-------- Source information --------
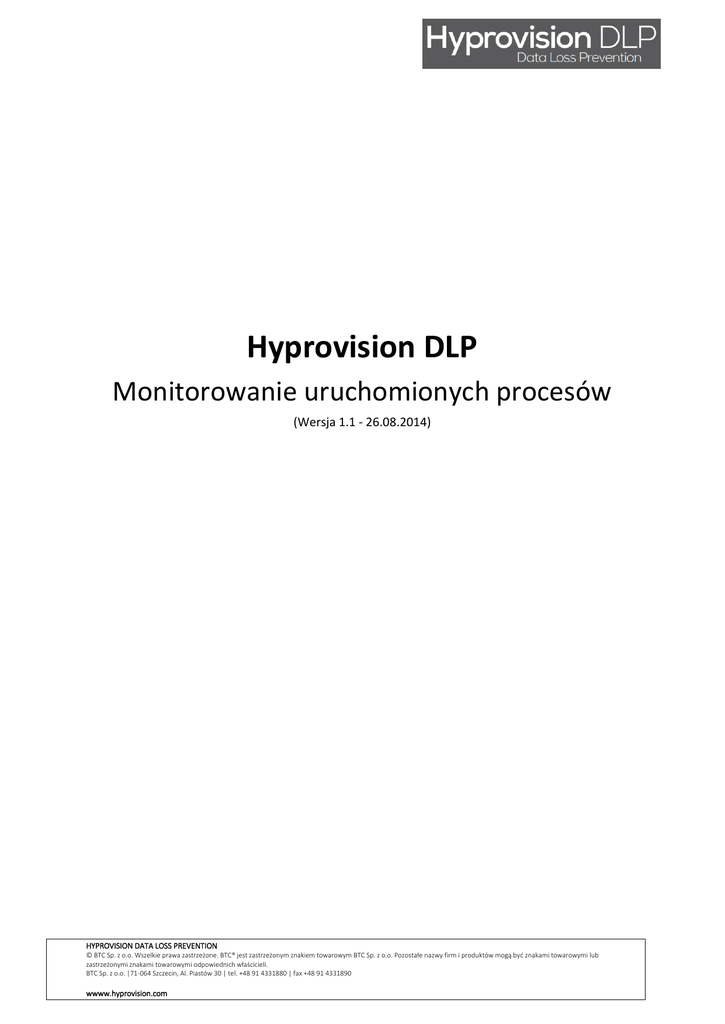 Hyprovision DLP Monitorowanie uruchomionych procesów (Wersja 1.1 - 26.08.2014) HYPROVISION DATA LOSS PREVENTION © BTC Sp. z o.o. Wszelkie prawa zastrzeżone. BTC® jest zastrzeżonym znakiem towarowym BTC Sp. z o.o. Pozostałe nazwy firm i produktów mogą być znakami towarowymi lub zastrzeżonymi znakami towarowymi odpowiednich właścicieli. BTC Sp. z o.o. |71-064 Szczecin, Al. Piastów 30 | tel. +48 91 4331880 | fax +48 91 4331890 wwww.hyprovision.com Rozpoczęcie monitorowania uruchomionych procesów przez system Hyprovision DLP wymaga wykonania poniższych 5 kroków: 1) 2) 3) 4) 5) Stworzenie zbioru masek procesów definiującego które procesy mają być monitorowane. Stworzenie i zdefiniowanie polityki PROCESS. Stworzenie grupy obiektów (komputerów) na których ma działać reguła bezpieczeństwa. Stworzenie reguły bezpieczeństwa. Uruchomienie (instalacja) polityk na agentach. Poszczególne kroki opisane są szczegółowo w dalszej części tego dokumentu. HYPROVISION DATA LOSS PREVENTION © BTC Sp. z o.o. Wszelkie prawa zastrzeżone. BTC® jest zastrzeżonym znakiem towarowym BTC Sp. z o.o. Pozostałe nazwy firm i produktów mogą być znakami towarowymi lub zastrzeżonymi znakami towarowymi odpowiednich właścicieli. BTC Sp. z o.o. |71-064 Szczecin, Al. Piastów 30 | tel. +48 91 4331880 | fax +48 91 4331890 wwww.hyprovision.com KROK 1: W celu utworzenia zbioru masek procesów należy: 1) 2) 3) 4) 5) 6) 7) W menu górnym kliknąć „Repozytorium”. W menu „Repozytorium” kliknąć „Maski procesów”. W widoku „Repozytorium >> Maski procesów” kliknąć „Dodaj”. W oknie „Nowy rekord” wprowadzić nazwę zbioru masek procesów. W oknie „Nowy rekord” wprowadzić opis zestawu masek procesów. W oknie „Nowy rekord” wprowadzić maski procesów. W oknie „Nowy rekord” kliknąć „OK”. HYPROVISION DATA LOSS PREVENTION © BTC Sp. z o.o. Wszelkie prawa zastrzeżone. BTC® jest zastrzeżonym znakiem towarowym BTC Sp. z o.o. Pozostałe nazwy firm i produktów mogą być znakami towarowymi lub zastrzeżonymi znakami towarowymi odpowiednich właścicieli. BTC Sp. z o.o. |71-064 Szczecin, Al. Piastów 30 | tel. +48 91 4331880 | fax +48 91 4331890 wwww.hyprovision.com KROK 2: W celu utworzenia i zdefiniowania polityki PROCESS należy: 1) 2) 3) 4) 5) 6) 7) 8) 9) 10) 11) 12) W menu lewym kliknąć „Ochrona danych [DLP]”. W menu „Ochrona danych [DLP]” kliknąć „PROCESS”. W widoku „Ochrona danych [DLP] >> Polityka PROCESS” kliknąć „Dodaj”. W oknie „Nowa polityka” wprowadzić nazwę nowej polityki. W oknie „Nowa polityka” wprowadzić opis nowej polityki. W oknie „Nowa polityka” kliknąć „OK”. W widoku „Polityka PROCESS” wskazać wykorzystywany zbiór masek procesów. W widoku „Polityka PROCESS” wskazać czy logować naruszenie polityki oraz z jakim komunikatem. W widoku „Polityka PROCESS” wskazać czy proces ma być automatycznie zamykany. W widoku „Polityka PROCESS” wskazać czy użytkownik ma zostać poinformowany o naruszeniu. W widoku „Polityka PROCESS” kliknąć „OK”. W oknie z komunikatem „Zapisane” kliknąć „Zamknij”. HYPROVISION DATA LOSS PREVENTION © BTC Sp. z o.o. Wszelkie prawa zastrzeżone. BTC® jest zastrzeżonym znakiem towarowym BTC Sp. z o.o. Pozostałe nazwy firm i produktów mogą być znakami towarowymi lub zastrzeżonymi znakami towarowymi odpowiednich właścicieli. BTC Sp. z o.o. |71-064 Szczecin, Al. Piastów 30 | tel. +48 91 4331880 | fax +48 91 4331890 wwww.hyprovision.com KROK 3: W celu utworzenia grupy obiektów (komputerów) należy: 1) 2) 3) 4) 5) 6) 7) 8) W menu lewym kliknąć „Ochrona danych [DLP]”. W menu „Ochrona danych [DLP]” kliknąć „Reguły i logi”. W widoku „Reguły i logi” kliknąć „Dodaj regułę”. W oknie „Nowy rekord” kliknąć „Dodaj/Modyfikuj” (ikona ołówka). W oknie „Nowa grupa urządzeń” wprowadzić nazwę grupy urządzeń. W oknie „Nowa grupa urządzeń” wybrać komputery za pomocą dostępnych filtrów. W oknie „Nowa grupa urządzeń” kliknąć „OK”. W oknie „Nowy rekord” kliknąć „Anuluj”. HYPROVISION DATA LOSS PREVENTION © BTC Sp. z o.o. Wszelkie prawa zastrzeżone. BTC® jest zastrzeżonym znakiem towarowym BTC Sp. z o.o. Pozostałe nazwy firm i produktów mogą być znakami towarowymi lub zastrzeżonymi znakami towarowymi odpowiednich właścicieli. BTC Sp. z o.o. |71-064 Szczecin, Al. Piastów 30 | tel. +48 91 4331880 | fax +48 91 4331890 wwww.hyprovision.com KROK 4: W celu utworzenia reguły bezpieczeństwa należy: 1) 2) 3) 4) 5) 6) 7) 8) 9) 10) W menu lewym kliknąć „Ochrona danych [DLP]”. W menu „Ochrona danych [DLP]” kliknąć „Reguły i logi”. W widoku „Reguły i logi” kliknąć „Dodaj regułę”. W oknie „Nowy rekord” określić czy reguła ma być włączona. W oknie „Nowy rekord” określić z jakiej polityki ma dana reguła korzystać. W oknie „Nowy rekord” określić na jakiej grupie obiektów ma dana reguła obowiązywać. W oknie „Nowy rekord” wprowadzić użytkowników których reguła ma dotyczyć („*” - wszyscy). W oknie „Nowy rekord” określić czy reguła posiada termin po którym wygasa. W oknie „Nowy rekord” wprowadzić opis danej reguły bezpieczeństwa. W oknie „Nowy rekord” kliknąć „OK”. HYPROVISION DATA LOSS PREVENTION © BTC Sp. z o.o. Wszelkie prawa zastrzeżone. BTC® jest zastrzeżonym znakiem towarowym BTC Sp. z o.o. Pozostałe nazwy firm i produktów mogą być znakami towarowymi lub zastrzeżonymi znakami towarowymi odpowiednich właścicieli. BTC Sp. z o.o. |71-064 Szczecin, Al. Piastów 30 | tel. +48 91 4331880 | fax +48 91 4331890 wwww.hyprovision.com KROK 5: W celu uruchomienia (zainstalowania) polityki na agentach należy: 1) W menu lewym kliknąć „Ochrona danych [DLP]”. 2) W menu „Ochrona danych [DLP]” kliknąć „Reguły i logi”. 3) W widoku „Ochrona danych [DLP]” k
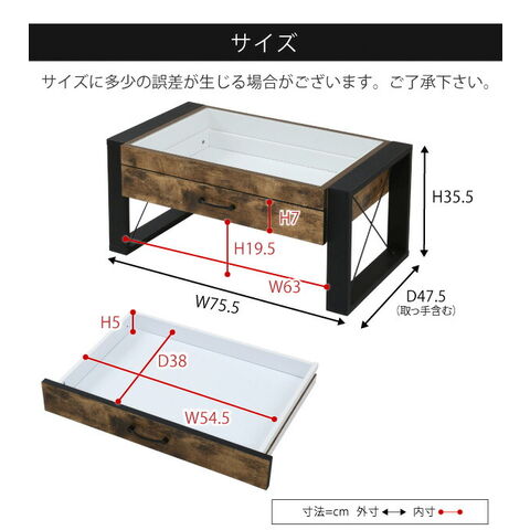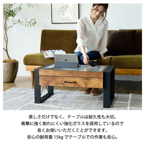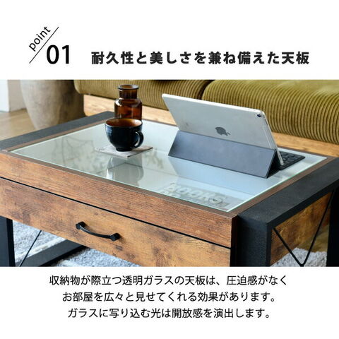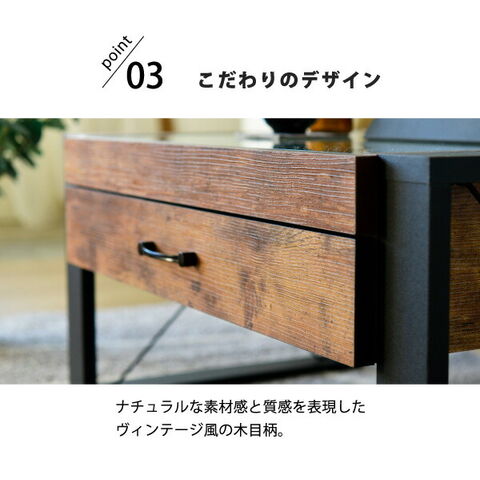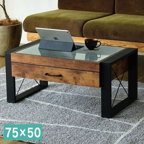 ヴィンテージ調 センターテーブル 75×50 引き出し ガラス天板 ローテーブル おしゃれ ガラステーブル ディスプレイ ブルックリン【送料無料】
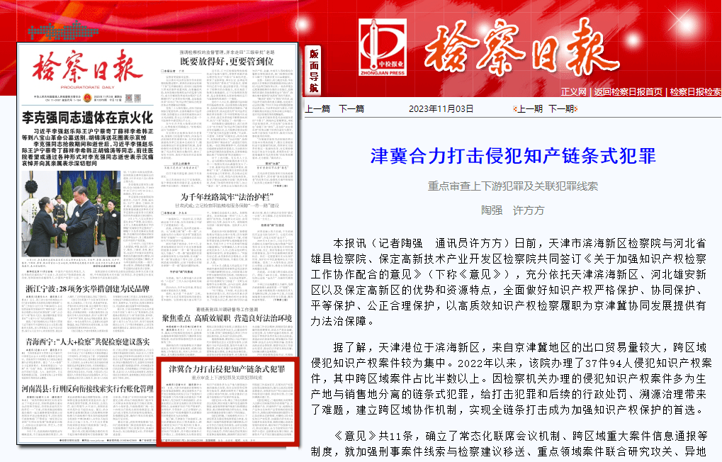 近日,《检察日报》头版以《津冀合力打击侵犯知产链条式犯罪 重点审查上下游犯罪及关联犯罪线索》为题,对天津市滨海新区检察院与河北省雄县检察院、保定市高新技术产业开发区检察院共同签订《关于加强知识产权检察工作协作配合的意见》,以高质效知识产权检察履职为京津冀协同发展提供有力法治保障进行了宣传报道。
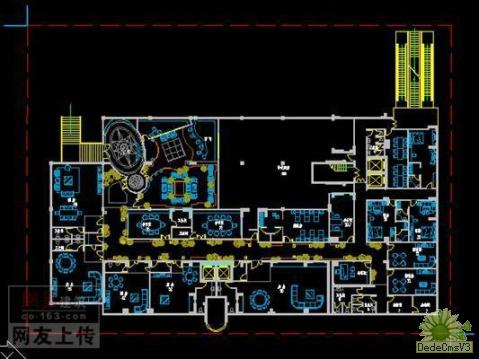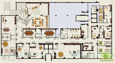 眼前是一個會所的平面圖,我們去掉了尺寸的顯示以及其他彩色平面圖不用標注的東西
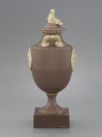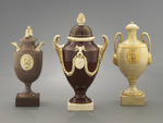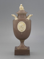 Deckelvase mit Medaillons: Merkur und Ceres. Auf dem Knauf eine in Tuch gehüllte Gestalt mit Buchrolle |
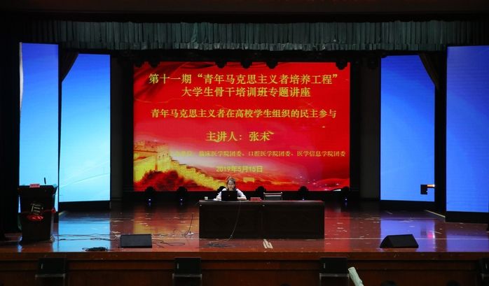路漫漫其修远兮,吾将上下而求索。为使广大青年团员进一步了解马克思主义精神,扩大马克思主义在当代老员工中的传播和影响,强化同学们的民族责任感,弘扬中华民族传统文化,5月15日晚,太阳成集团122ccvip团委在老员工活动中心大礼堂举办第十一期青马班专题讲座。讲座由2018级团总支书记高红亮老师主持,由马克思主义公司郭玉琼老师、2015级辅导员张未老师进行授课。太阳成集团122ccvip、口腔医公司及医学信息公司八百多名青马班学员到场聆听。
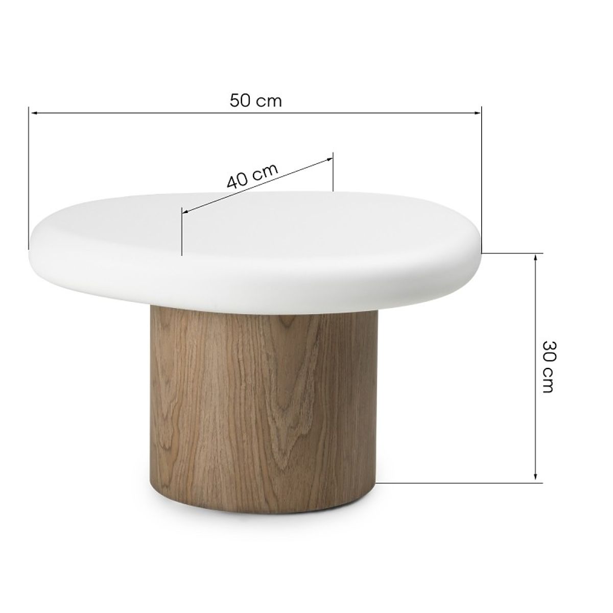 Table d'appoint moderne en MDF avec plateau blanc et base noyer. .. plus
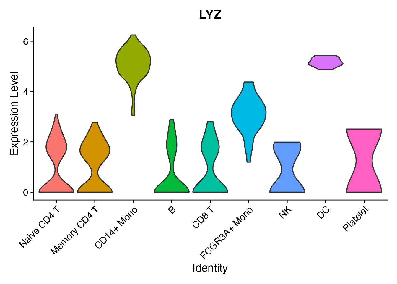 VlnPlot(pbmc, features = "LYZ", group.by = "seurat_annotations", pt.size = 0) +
--------
# Required action
Would you restate, exactly and with no pictures, the lines of the entries above from the one containing "ヴィンテージ調 センターテーブル 75×50" through the one containing "Table d'appoint moderne"?

# Task response
 ヴィンテージ調 センターテーブル 75×50 引き出し ガラス天板 ローテーブル おしゃれ ガラステーブル ディスプレイ ブルックリン【送料無料】
 近日,《检察日报》头版以《津冀合力打击侵犯知产链条式犯罪 重点审查上下游犯罪及关联犯罪线索》为题,对天津市滨海新区检察院与河北省雄县检察院、保定市高新技术产业开发区检察院共同签订《关于加强知识产权检察工作协作配合的意见》,以高质效知识产权检察履职为京津冀协同发展提供有力法治保障进行了宣传报道。
 眼前是一個會所的平面圖,我們去掉了尺寸的顯示以及其他彩色平面圖不用標注的東西
 Deckelvase mit Medaillons: Merkur und Ceres. Auf dem Knauf eine in Tuch gehüllte Gestalt mit Buchrolle |
路漫漫其修远兮,吾将上下而求索。为使广大青年团员进一步了解马克思主义精神,扩大马克思主义在当代老员工中的传播和影响,强化同学们的民族责任感,弘扬中华民族传统文化,5月15日晚,太阳成集团122ccvip团委在老员工活动中心大礼堂举办第十一期青马班专题讲座。讲座由2018级团总支书记高红亮老师主持,由马克思主义公司郭玉琼老师、2015级辅导员张未老师进行授课。太阳成集团122ccvip、口腔医公司及医学信息公司八百多名青马班学员到场聆听。
 Table d'appoint moderne en MDF avec plateau blanc et base noyer. .. plus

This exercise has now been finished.